▶ **GIVEN DATA**:
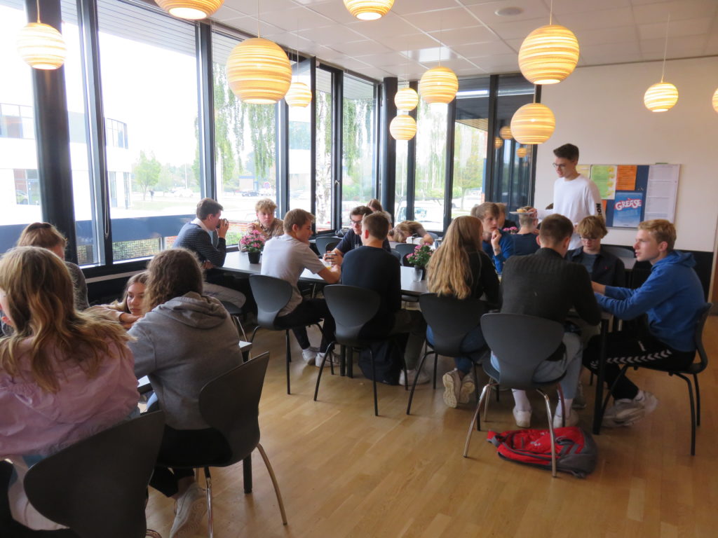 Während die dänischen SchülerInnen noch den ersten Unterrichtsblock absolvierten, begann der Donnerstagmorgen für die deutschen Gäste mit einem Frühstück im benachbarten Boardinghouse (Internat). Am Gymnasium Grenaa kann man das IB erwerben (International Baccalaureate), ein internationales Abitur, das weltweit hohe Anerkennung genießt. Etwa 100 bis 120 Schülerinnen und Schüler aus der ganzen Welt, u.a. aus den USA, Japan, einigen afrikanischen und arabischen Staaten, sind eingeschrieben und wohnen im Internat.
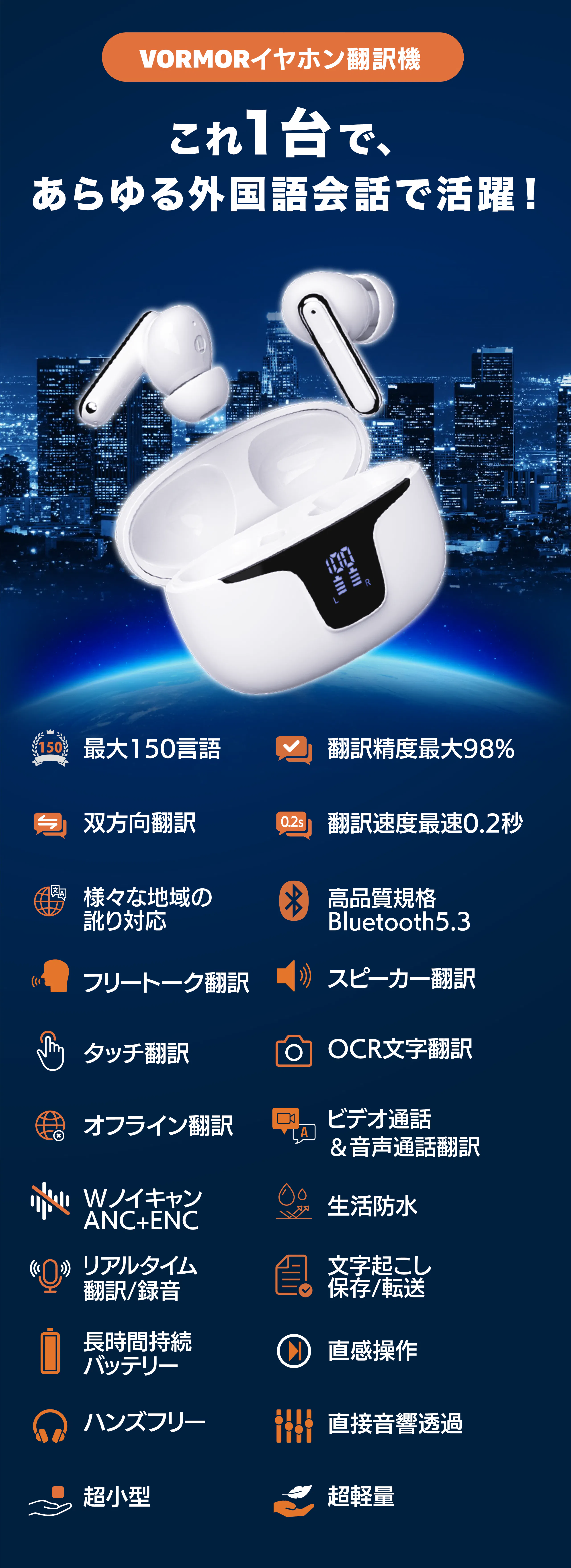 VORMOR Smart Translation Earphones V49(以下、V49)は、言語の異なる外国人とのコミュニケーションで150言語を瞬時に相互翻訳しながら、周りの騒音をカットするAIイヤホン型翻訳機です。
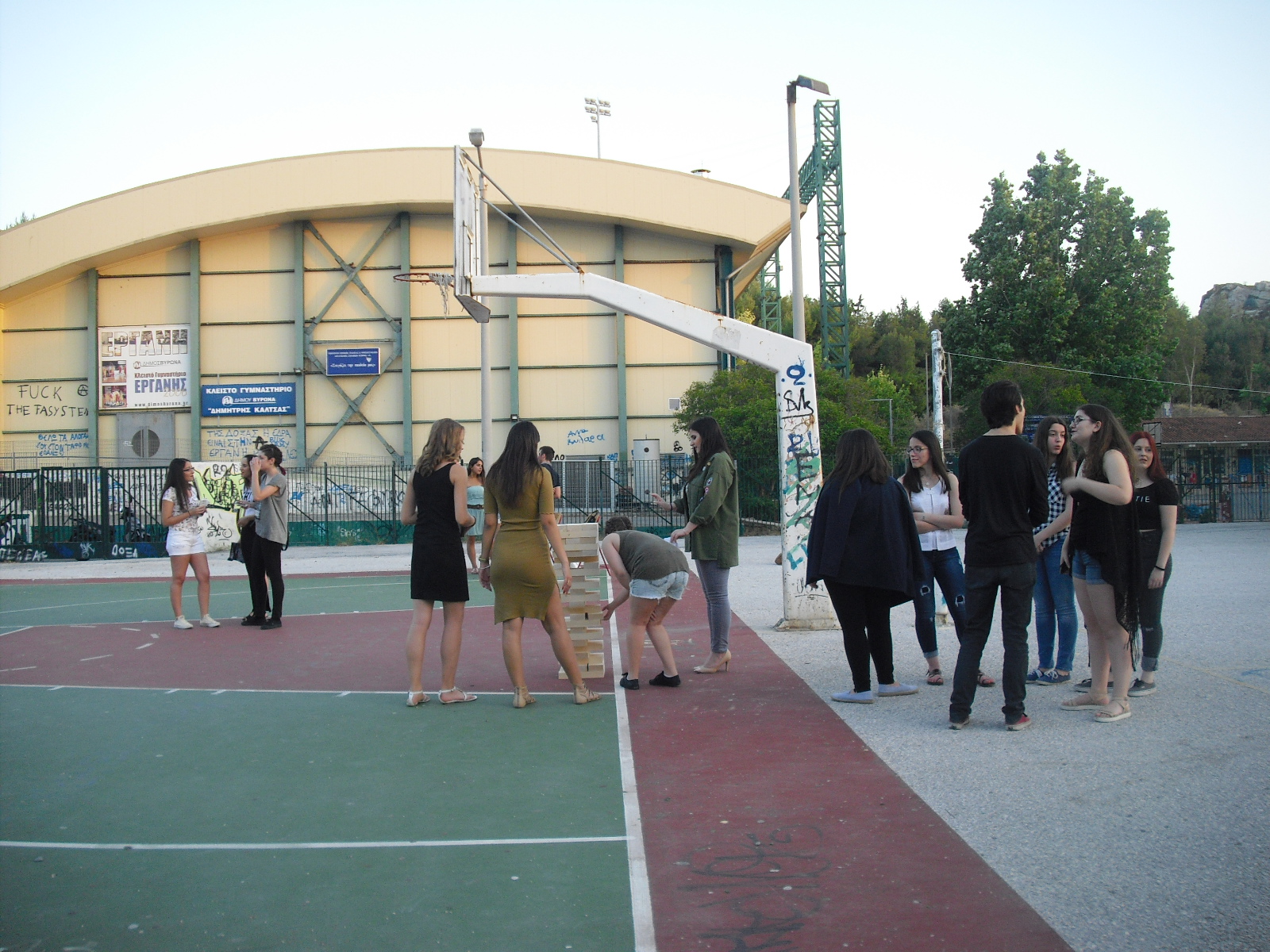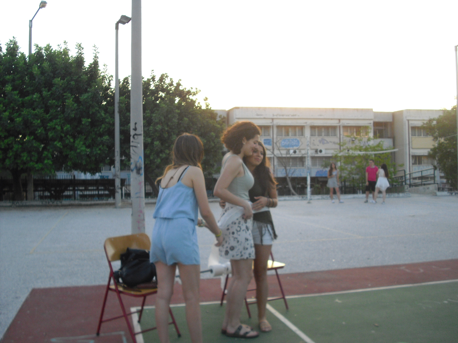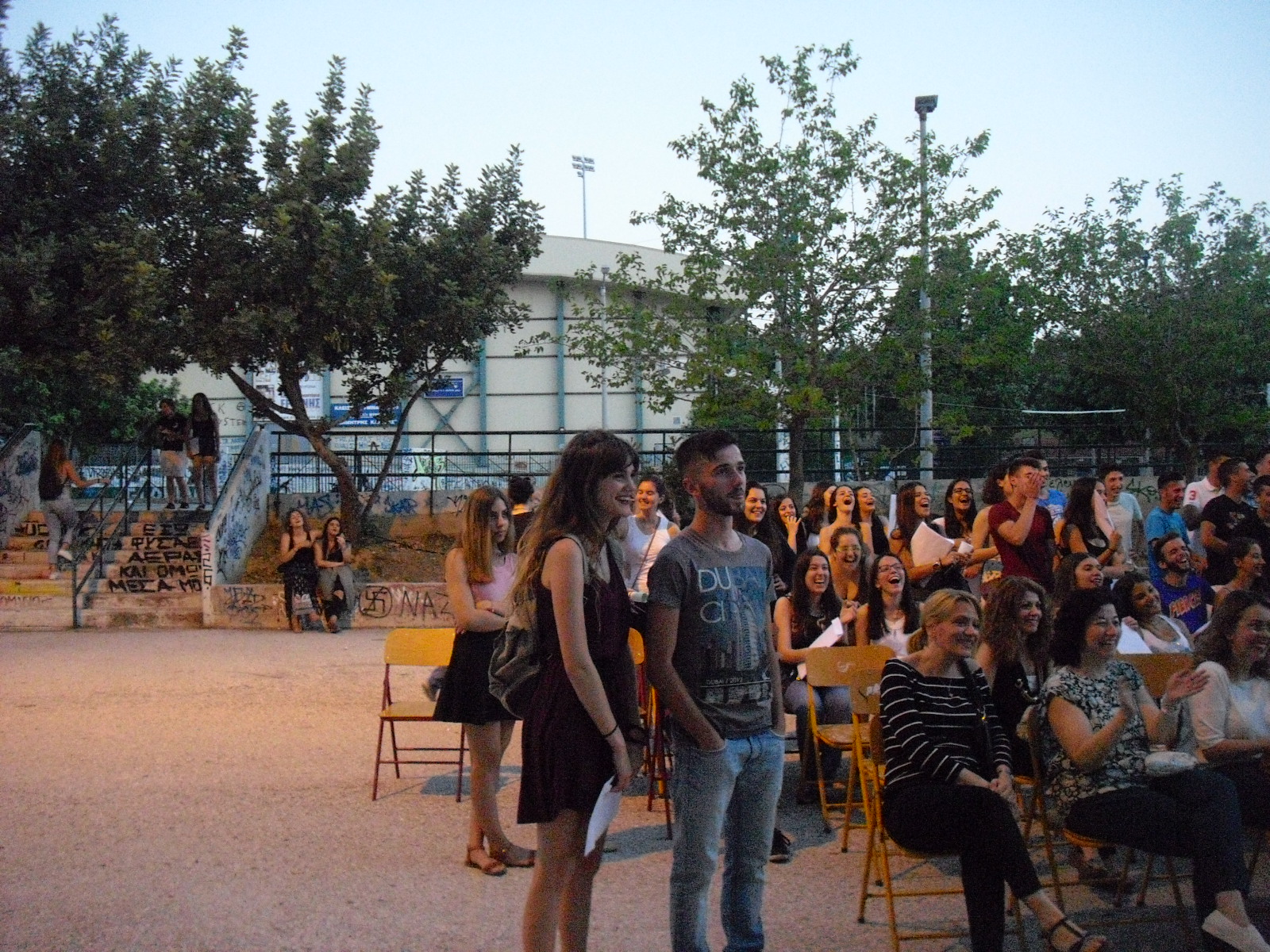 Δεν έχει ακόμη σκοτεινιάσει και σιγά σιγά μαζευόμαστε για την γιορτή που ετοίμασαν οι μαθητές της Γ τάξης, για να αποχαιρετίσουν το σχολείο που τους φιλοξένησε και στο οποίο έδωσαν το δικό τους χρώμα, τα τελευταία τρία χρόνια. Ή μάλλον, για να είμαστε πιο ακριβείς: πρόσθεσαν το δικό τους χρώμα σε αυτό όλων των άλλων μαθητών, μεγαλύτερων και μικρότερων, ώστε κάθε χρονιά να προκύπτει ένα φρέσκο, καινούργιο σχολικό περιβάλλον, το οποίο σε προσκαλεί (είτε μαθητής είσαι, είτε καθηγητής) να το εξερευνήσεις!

▶ **TASK DETAILS**:
Restate the listing word for word, pictures omitted.

▶ **ANSWER TO THE EXERCISE**:
 Während die dänischen SchülerInnen noch den ersten Unterrichtsblock absolvierten, begann der Donnerstagmorgen für die deutschen Gäste mit einem Frühstück im benachbarten Boardinghouse (Internat). Am Gymnasium Grenaa kann man das IB erwerben (International Baccalaureate), ein internationales Abitur, das weltweit hohe Anerkennung genießt. Etwa 100 bis 120 Schülerinnen und Schüler aus der ganzen Welt, u.a. aus den USA, Japan, einigen afrikanischen und arabischen Staaten, sind eingeschrieben und wohnen im Internat.
 VORMOR Smart Translation Earphones V49(以下、V49)は、言語の異なる外国人とのコミュニケーションで150言語を瞬時に相互翻訳しながら、周りの騒音をカットするAIイヤホン型翻訳機です。
 Δεν έχει ακόμη σκοτεινιάσει και σιγά σιγά μαζευόμαστε για την γιορτή που ετοίμασαν οι μαθητές της Γ τάξης, για να αποχαιρετίσουν το σχολείο που τους φιλοξένησε και στο οποίο έδωσαν το δικό τους χρώμα, τα τελευταία τρία χρόνια. Ή μάλλον, για να είμαστε πιο ακριβείς: πρόσθεσαν το δικό τους χρώμα σε αυτό όλων των άλλων μαθητών, μεγαλύτερων και μικρότερων, ώστε κάθε χρονιά να προκύπτει ένα φρέσκο, καινούργιο σχολικό περιβάλλον, το οποίο σε προσκαλεί (είτε μαθητής είσαι, είτε καθηγητής) να το εξερευνήσεις!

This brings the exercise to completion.